To even begin to describe the experience so far, I would need something more than words to properly convey my whole feelings on the process that has been the World Race. And I haven’t even been to training camp yet. In the past few months, mainly the last two; my life has been flipped on it’s head. Everything I thought I knew about myself, my beliefs, my faith, they have all been stretched, moved, and tested. And For that I am forever grateful. I would not trade this for all the money in the world. This feeling, this mental state, this purpose…this is more valuable than all the money or possessions the world might offer. The last time I wrote, I had around $250 in my fundraising summary. By the time this posts, and in about a week, I’ll have about $5000. How good is God?

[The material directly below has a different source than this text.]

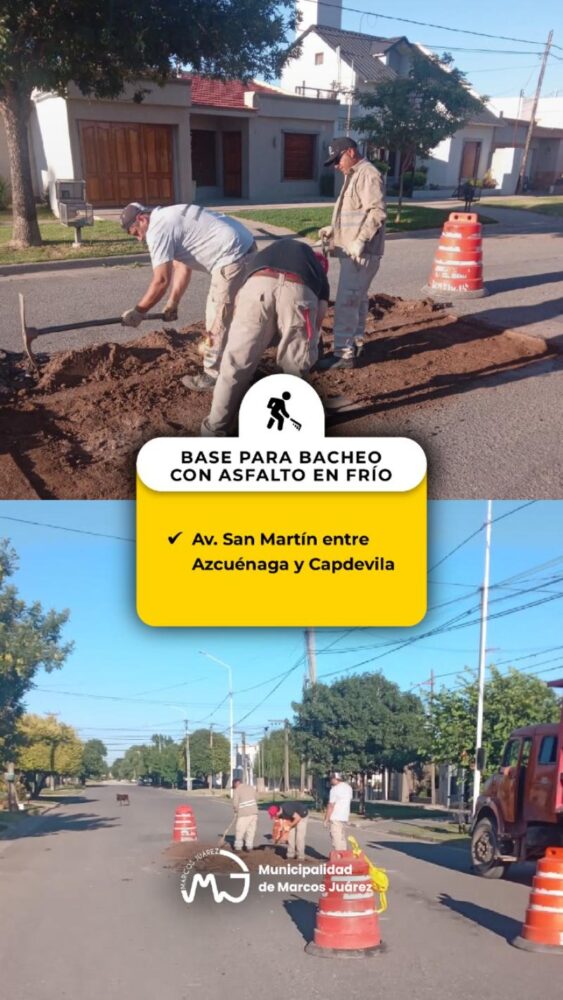 Los equipos de trabajo del área de Servicios Urbanísticos de la Municipalidad de Marcos Juárez están preparando el bache de San Martín entre Azcuénaga y Capdevilla para colocar asfalto en frío.

And yet, I feel even more pressure. I feel an even greater weight on my heart, because I have now seen in such a short amount of time, God show off in such a small and great way. And I have barely begun to scratch the surface of what it means to live a life that would follow Christs footsteps. And what does this all mean for me going forward? Why does any of this matter at all? Well maybe it’s because I’ve never been more sure in my life that this is what I want to do. I don’t know what the future holds-but I know what I’m good at. I know my strengths and my passions, and I know beyond a shadow of a doubt that everyday, I want to move closer and closer to my Creator, and that much closer to fulfilling my purpose. Love God and love people. And so because of this, my assurance and my hope lies in that direction. All of my eggs are in one basket you could say.

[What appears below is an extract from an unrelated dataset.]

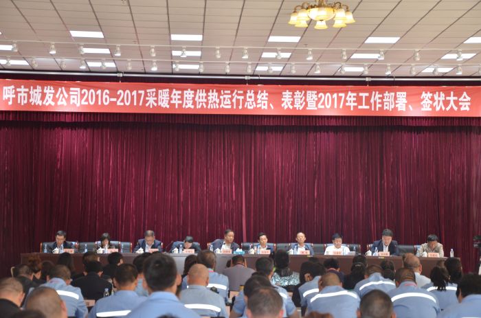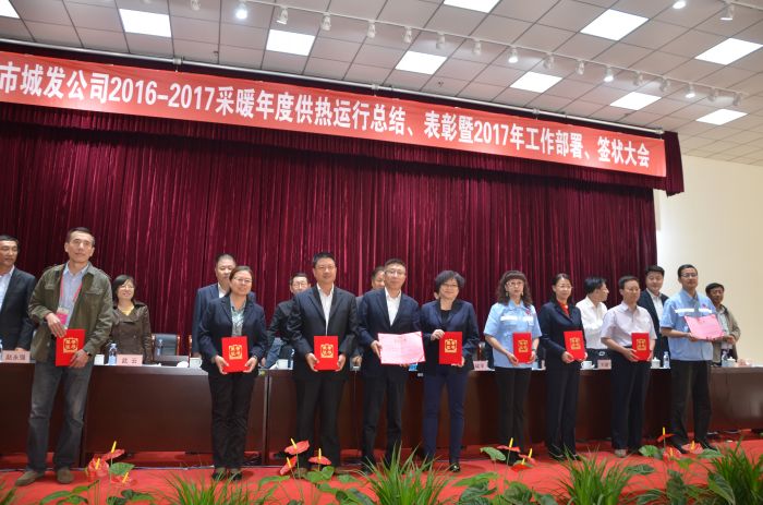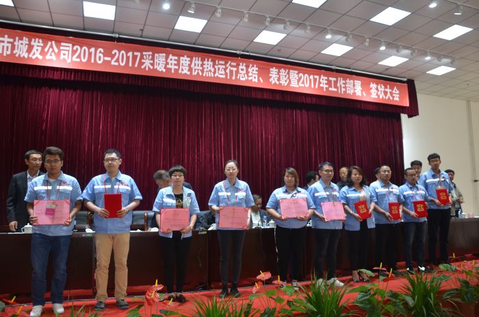 會上,吳利勤副總經(jīng)理作《呼市城發(fā)供熱有限責(zé)任公司20162017采暖年度運(yùn)行總結(jié)》報告;黨委副書記張永宣讀《城發(fā)公司黨委關(guān)于表彰2016年度先進(jìn)集體、優(yōu)秀干部和勞動模范(先進(jìn)工作者)的決定》,授予辛家營分公司等18個單位呼市城發(fā)公司2016年度先進(jìn)集體、吳利勤同志呼市城發(fā)公司2016年度優(yōu)秀高層干部、呂曉玲等15名同志呼市城發(fā)公司2016年度優(yōu)秀中層干部、李娟等77名同志呼市城發(fā)公司2016年度勞動模范(先進(jìn)工作者)榮譽(yù)稱號,并頒發(fā)獲獎證書;總經(jīng)理呂德育與內(nèi)蒙古少數(shù)民族群眾文化體育運(yùn)動中心項(xiàng)目等負(fù)責(zé)人簽訂責(zé)任狀。

To the reader-you helped me get here. 5 countries in 9 months lies infront of me, you have helped me get to $5000, and my next request is that you help me again. Help me reach that next goal, $5000 more by August. $15000 total by December, so to the reader. To my friends, to my family, to the people who don’t know me personally but feel called to stand with me in this(this idea of going and learning and serving), join me. In your thoughts and prayers, if you feel called-financially. Any amount helps, and I know that we can do this. No more waiting…the time is now. In everything, whether it be this(what I’m doing), or anything that’s going on in your life. That job, that relationship, that fractured heart, those good things and those bad things: the time is now. Chapter 2, don’t wait another second.